Today we had another appointment with a new reproductive specialist. This is the one that our new OB/GYN recommended. Ironically enough it's at the same office we started our journey, just a different doctor. Anyway...We went to see him. Explained our story. He told us that IVF w/ ICSI he would say is still a possibility, but obviously he'd want another sperm analysis. We were happy to hear that because that's what we were hoping for.
He didn't beat around the bush with us. He was direct and we told him about pursuing adoption. I asked him some questions about the embryo adoption protocol and I really liked what he had to say. No injections. He was kind, knowledgeable and honest. I liked that. He told us he wouldn't recommend us doing IVF w/ ICSI. Just because of all the emotional and physical things that encompass that decision...Let alone the money.

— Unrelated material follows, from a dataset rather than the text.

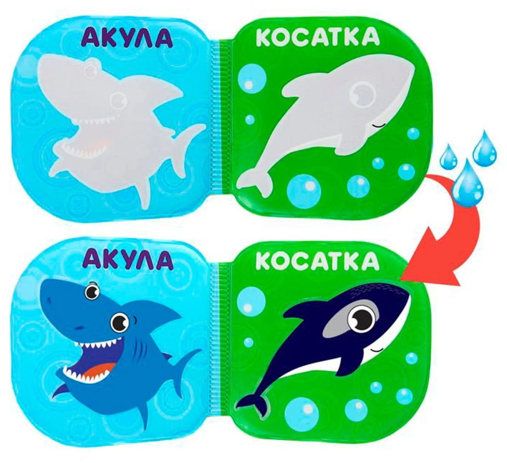 Buku warna-warni cocok untuk permainan seru di kamar mandi. Anak itu akan sangat tertarik melukis buku dengan jari-jarinya. Ketika bersentuhan dengan air, buku-buku itu berubah menjadi warna yang berbeda. Cepat kering dan bisa dicat ulang. Terbuat dari bahan yang aman. Dari usia 4 bulan, sangat menarik bagi seorang anak untuk bermain di kamar mandi, mewarnai gambar di bawah air mengalir. Harga - 265 rubel

When we left, Jess and I talked. He asked where I stood. I told him I wasn't interested in IVF w/ ICSI. I know that others have done IVF and I am happy that it worked for many of the people. I just don't see myself doing all that stuff. The shots, the medicine, the pain. I can't do it. I would LOVE to have a biological child with Jesse, but I'm just not feeling like that is something I am willing to do. Call me selfish...I have worked hard to try to rid my body of all the toxins the world exposes me to. I just can't do it.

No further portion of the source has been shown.